Marine metagenomics is a rapidly expanding field with the potential to provide new insight into the biodiversity of marine organisms. However, along with the expansion comes a massive increase in metagenomics data (the EMBL-EBI metagenomics portal in 2015 analysed 3 trillion nucleotides - an increase of 98% as compared to the previous year). Unless there is a sustainable data infrastructure and analysis pipelines to manage this data deluge, the impact of marine metagenomics on academic research and industrial innovation will be limited.
ELIXIR Norway and EMBL-EBI carried out in 2014-2015 a pilot action to gain more insight into these challenges working towards harmonising their existing metagenomics pipelines: EMBL-EBI’s metagenomics portal and META-pipe operated by ELIXIR Norway. While the two platforms have different foci and specific strengths - EMBL-EBI’s metagenomics portal provides insights into the functional and phylogenetic diversity within any sample, Norwegian META-pipe focuses on marine bioprospecting – it is clear that the marine research community benefits greatly from harmonisation of the two platforms.

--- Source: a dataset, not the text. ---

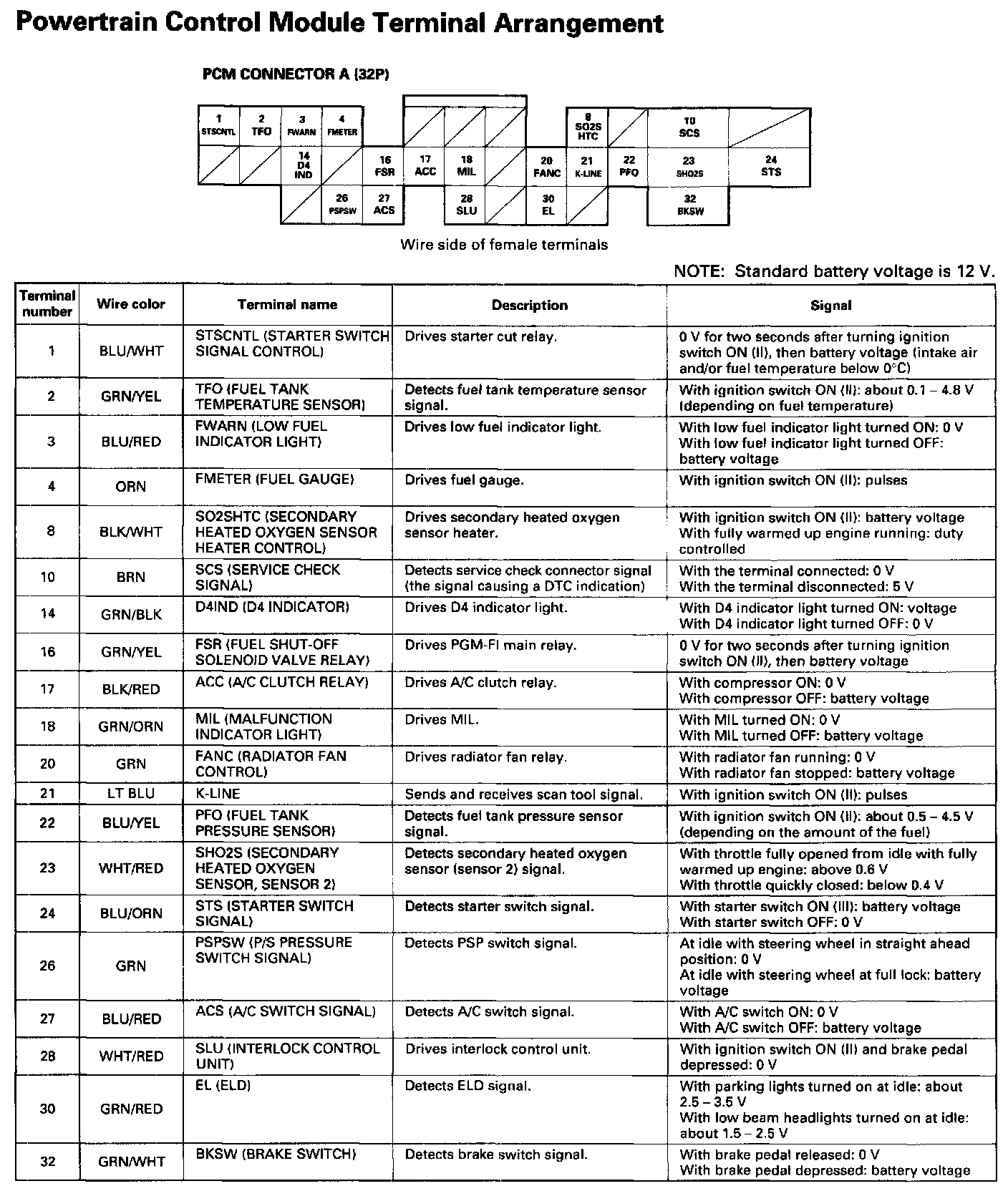 Powertrain Control Module Terminal Arrangement Part 2:

The main goal of the pilot was to ensure interoperability between the two platforms and to explore the potential of EMBL-EBI Embassy Cloud technology in marine metagenomics. As the number of metagenomics projects and data increased exponentially during the course of the project, its focus in the final stages shifted towards understanding how to transfer and replicate data, optimise pipelines algorithms, and assess the need for compute and storage capacities.
Throughout the project, the EMBL-EBI and ELIXIR Norway’s pipelines were harmonised and enhanced by several new applications. The conclusions also include recommendations for developing ELIXIR services for marine metagenomics in four areas: standardisation of metagenomics data, establishing marine metagenomics databases, gold standard pipelines for metagenomics analysis, and exploring HPC and storage technologies.
The outcomes of the pilot feed into the ELIXIR-EXCELERATE Marine metagenomics Use Case and will help define the requirements and specifications for ELIXIR metagenomics infrastructure. The results will be also published in ELIXIR Reports, the ELIXIR Channel on the F1000Research publication platform.